_Material for this exercise_:
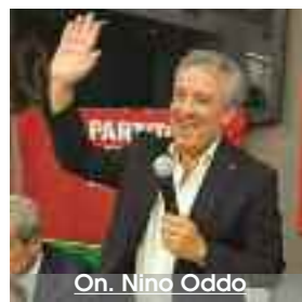
On. Nino Oddo

Si candida nuovamente (è, complessivamente, la sua decima candidatura a qualcosa) e parte da ciò che ha fatto all'Ars nel ruolo di Deputato Questore: "Ho ridotto, insieme ai miei colleghi parlamentari, i costi degli apparati regionali e soprattutto ho reso pubblici i dati, regolamentando l'utilizzo delle auto blu che sono state ridotte di due terzi. Ma non solo, ho avuto l'onore di dare il mio nome a un DDL sulle Biobanche e ho lavorato per Birgi assicurando
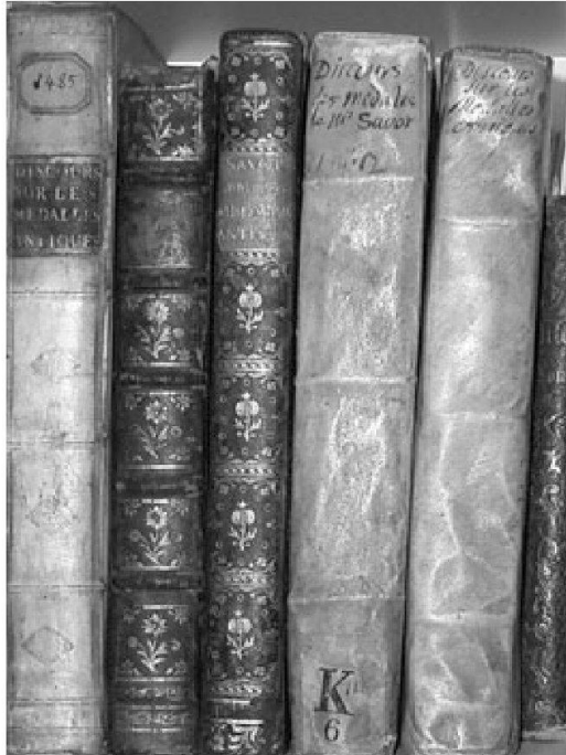
Fig. 2: Cinq exemplaires en diverses reliures anciennes.

et Savot était un homme de grande érudition» 20 , et Labbé qualifiait l'ouvrage de «travail érudit». De façon assez étonnante, la correspondance du peintre Rubens, grand amateur et épistolier fécond, ne conserve aucune lettre de ni à Savot, et ce dernier n'est pas non plus évoqué 21 . En effet, l'ouvrage de Savot ne semble pas avoir été un grand sujet de discussion ou de correspondance, pas même dans les milieux érudits et numismates: ainsi Peiresc semble n'en avoir parlé dans sa correspondance qu'avec les frères Dupuy, qui le lui avaient envoyé.
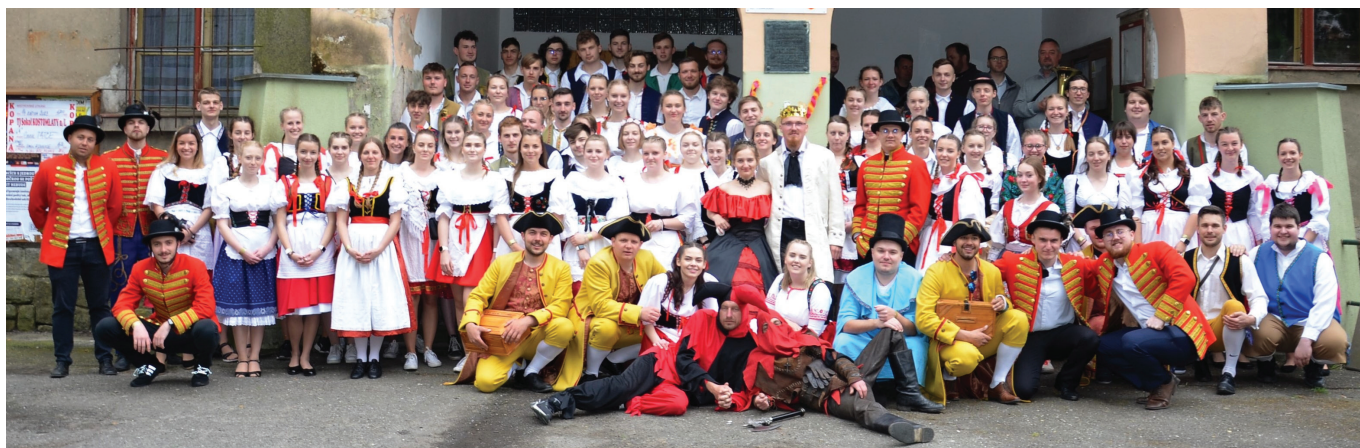
Staročeské Máje

„Jménem všech krojovaných bych vám chtěla poděkovat. Ať už za pomoc s postavením velké májky, za vaši projevovou přízeň a účast. V neposlední řadě děkuji za vybrané peníze, které nám pomohou naši tradici udržet. Příští rok se budeme těšit na nové i staré tváře.“ Bára Prošková
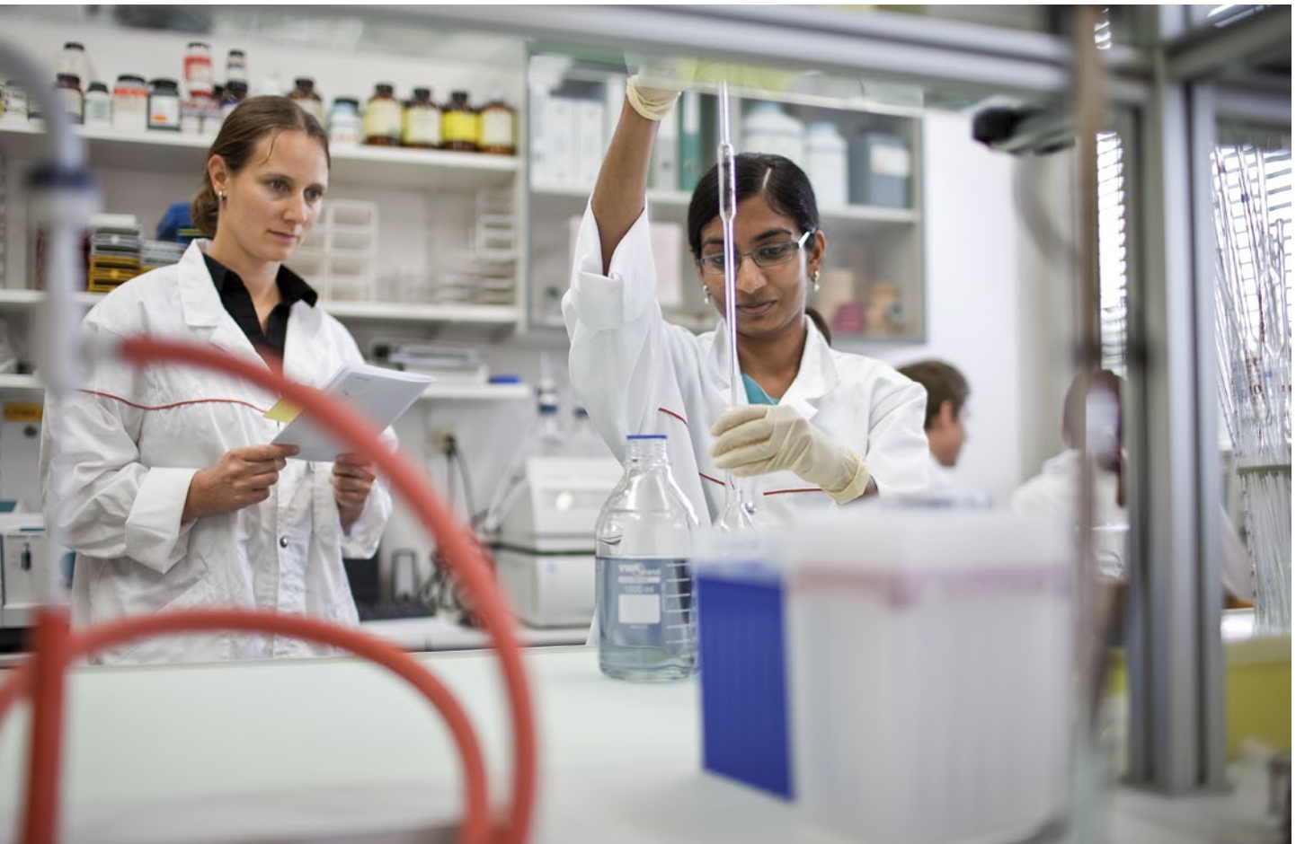
Abb. 1 | Bei den Marktkontrollen von Pflanzenschutzmitteln arbeiten Kantone, BLW und Agroscope eng zusammen. Die Laboruntersuchungen führt die Gruppe Pflanzenschutzchemie bei Agroscope in Wädenswil durch.
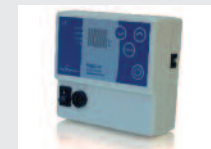
miarkownik ciągu UNISTER 1)
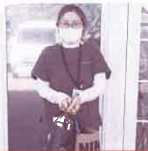
リハビリデイサービス 紙ひこうき
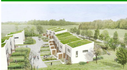
Eksempel på nyt byggeri i Jagtenborg med grønne tage.

Med hensyn til tagpap er der sket en udvikling, der gør at materialet ikke i samme grad som tidligere afgiver miljøskadelige stoffer til grundvandet.
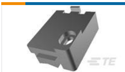
TE 产品编号1-640721-0 06P UMNL STR/REL & INSRT NATL
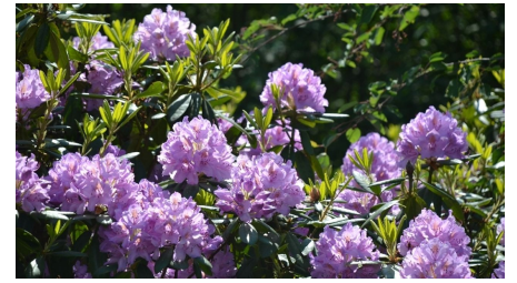
Blumen im Weltwald

_Work required_:
All lines above are to be restated word for word, with pictures excluded.

_Result of this exercise_:
On. Nino Oddo

Si candida nuovamente (è, complessivamente, la sua decima candidatura a qualcosa) e parte da ciò che ha fatto all'Ars nel ruolo di Deputato Questore: "Ho ridotto, insieme ai miei colleghi parlamentari, i costi degli apparati regionali e soprattutto ho reso pubblici i dati, regolamentando l'utilizzo delle auto blu che sono state ridotte di due terzi. Ma non solo, ho avuto l'onore di dare il mio nome a un DDL sulle Biobanche e ho lavorato per Birgi assicurando
Fig. 2: Cinq exemplaires en diverses reliures anciennes.

et Savot était un homme de grande érudition» 20 , et Labbé qualifiait l'ouvrage de «travail érudit». De façon assez étonnante, la correspondance du peintre Rubens, grand amateur et épistolier fécond, ne conserve aucune lettre de ni à Savot, et ce dernier n'est pas non plus évoqué 21 . En effet, l'ouvrage de Savot ne semble pas avoir été un grand sujet de discussion ou de correspondance, pas même dans les milieux érudits et numismates: ainsi Peiresc semble n'en avoir parlé dans sa correspondance qu'avec les frères Dupuy, qui le lui avaient envoyé.
Staročeské Máje

„Jménem všech krojovaných bych vám chtěla poděkovat. Ať už za pomoc s postavením velké májky, za vaši projevovou přízeň a účast. V neposlední řadě děkuji za vybrané peníze, které nám pomohou naši tradici udržet. Příští rok se budeme těšit na nové i staré tváře.“ Bára Prošková
Abb. 1 | Bei den Marktkontrollen von Pflanzenschutzmitteln arbeiten Kantone, BLW und Agroscope eng zusammen. Die Laboruntersuchungen führt die Gruppe Pflanzenschutzchemie bei Agroscope in Wädenswil durch.
miarkownik ciągu UNISTER 1)
リハビリデイサービス 紙ひこうき
Eksempel på nyt byggeri i Jagtenborg med grønne tage.

Med hensyn til tagpap er der sket en udvikling, der gør at materialet ikke i samme grad som tidligere afgiver miljøskadelige stoffer til grundvandet.
TE 产品编号1-640721-0 06P UMNL STR/REL & INSRT NATL
Blumen im Weltwald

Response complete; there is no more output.